チームのメンバーが集まった事に莉里は嬉しさを隠せず、笑顔で皆の姿を見ていた。
「三ちゃん、聞いてよ。例の虎っちの噂話ね。今日、真相を探ろうとして2人で虎に付いて行ったら、とんでもなかったんだよ」
瑠美は頬を紅潮させ、上に上がったバサバサと音がしそうなまつ毛を更に上げて、目を見開いた。
事の経緯を聞いた三平は笑いが止まらなかった。
「なんだよぉ。僕、少し信じて、距離置いちゃってた」
「お前、ふざけんなよ!」
「ごめんごめん。いやいや、ていうか献血ってうけるね」
三平は早くも酔いが回っているようだった。
店員が現れ、テーブルの沸騰し始めた鍋を開けるよう促したので、莉理は鍋に手をかけた。
「三ちゃん、それだけじゃないんだよ。50回記念とか言われて、ガラスの器とかもらってんの」
「おう、凄いだろ。高校からずっとかかさず行ってんだ」
上杉はそう言って枝豆を口にした。
「ご、50回?高校生から?マジですか!」
三平はそう言いながら鍋の蒸気で曇った眼鏡を拭いていた。
「あれ、高田くんて眼鏡取ると、目が大きくて可愛いんですね」
「うわ、本当だ。三ちゃん可愛いじゃん」
女子に褒められた三平は照れくさそうに口元を緩めた。
「いや、そんな事ないけど。たまに言われるかな。前の彼女もその前の彼女もそう言ってたし」
上杉は口を曲げて驚いた。
「三平!お前、そんなにリア充なのか?見損なったぞ」
「なんで見損なうのよ」
4人は初の飲み会とは思えない盛り上がりで、楽しく時間を過ごしていた。
「そう言えば、佐々木さんの噂は皆さん聞きましたか?」
「なんだよ、おっさんの噂って」
三平は声を潜めて話を続けた。
「佐々木さんて自衛官出身じゃないですか。
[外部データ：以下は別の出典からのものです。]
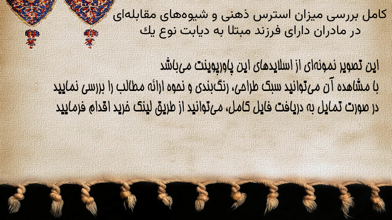پاورپوینت کامل بررسی میزان استرس ذهنی و شیوههای مقابلهای در مادران دارای فرزند مبتلا به دیابت نوع یک
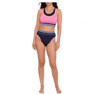 pink black trim High Neck Long Line Chlorine Resistant Quick Dry Adjustable Straps Bikini Top size medium
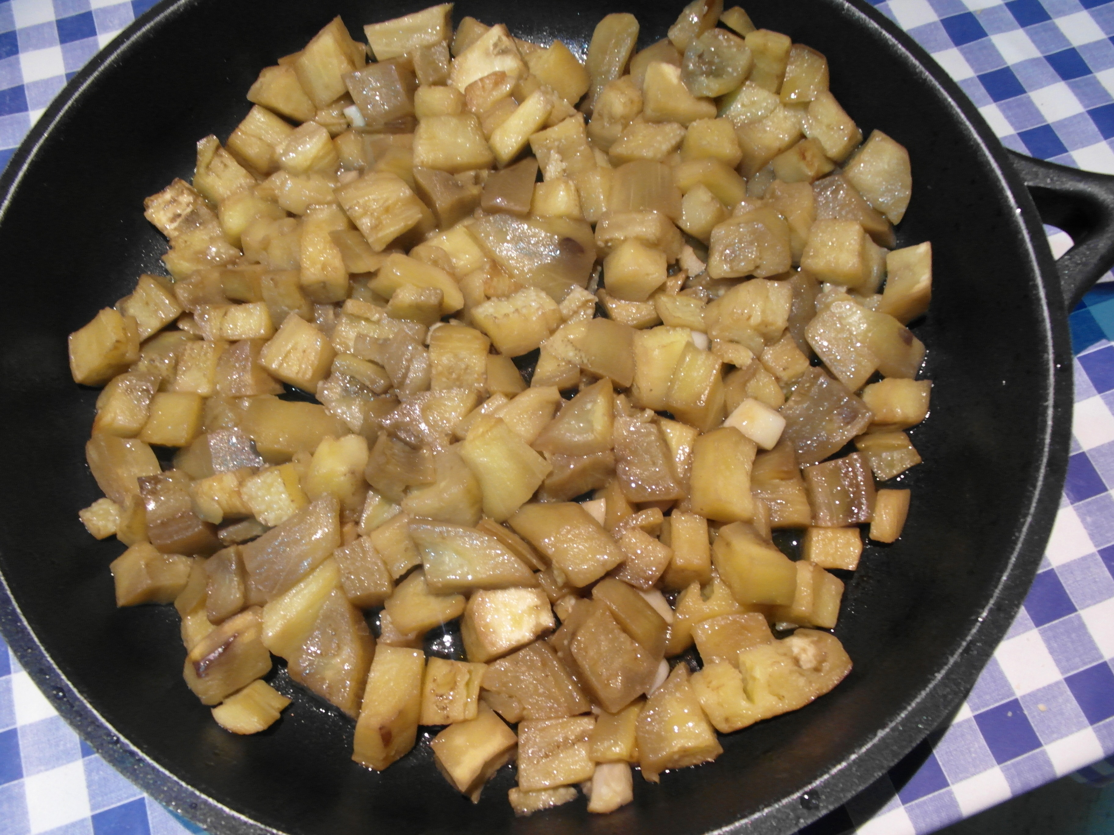En primer lugar pelamos las berenjenas y las cortamos en trocitos. En una sartén freímos los ajos pelados y cortados, y a continuación hacemos lo mismo con la berenjena.Echamos un poco de agua y vino y las dejamos cocer hasta que estén tiernas. Las sacamos y aplastamos con un tenedor.

しかももう良い年齢で辞めて、続けた方が退職金も良いはずなのに。辞めた理由って言うのが・・・」
3人は手を止めて三平の声に聞き入った。
「飲みの場で二十歳くらいの若い部下をボコボコに殴って、その部下の家族から訴訟をかけられたからって聞いたんです」
「え、あの優しい佐々木さんが?仕事だって、すごく頑張ってるし」
上杉は、神妙な面持ちで黙ったままだった。その姿に瑠美は何かを察した。
「虎、どうしたの?もしかして何か知ってる?」
「・・・いや、実は昔、自衛官で同期だったやつから情報は少し入ってて。ただ、同期は熊さんとは違う駐屯地だから、直接は知らないらしいんだけど。色々、調べてもらってる所だった」
「そうか。え?て言うか、同期って虎もやってたの?」
「高校出てすぐの時にな。もう、10年以上も前の話だよ。昔は上司に殴られるなんてよくある話で。もっと嫌な目にあってる奴、見たりもしたよ。さすがに、今はないと思ってたんだけど。熊さんの真相はまだ聞けてない」
三平は手元のビールを一気に飲み干して言った。
「熊虎コンビは、フロアを噂で沸かすね」
「お前、へそで茶を沸かすみたいに言うなよ」
三平と虎はおお!と言って、互いを指さしていた。
瑠美は呆れた顔をして言った。
「2人って、ちょいちょい古いよね」
「なんだと?!」
「私、そんな噂が出てるなんて知らなかった」
「うーん。でもさ、熊さんは、そんな人じゃなくない?」
瑠美はそう言うと、フライドポテトを口に頬張った。
「おう、俺だってそう信じてるよ。だから、きちんと真実を聞きだそうと思って調べてたんだ。まぁ、でもな、お前らが俺を疑ったように、事実はとんでもない結果になるかも知れないけど」
莉理は研修中の佐々木が、どこか心ここにあらずだった事を思い出していた。
この記事が気に入ったらサポートをしてみませんか?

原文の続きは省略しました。